The levies will impact Apple’s range of laptops, the iPhone, Airpods, the Apple Watch, and the HomePod smart speaker. That could potentially lead to price rises, and make Apple’s devices considerably more expensive than those offered by its main competitor Samsung.
By contrast, the United States and South Korea struck a trade agreement last September.
"I thought he made a very compelling argument, so I’m thinking about it," Trump said of Cook, speaking with reporters at a New Jersey airport.
It’s a reversal from Cook, who has said little publicly about the impact of China tariffs on Apple’s lineup of products.

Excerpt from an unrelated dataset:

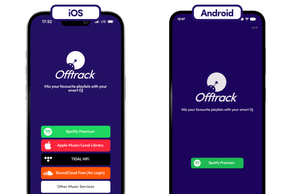 The Offtrack AI DJ app works with Spotify, SoundCloud Free, Apple Music or TIDAL. It’s easy and seamless – Offtrack (formerly Mixonset) can start a party just for you wherever you go.

He told investors last July that he was optimistic that the US and China could resolve trade tensions.
"I can’t predict the future, but I am optimistic that the countries will get through this," he said at the time. "We are hoping that calm heads prevail."
US stock futures rose upon opening on Sunday after Trump’s comments. In addition to his comments on Apple, Trump said on Twitter earlier in the day that his administration was "doing very well with China."
Apple was not immediately available for comment outside normal business hours.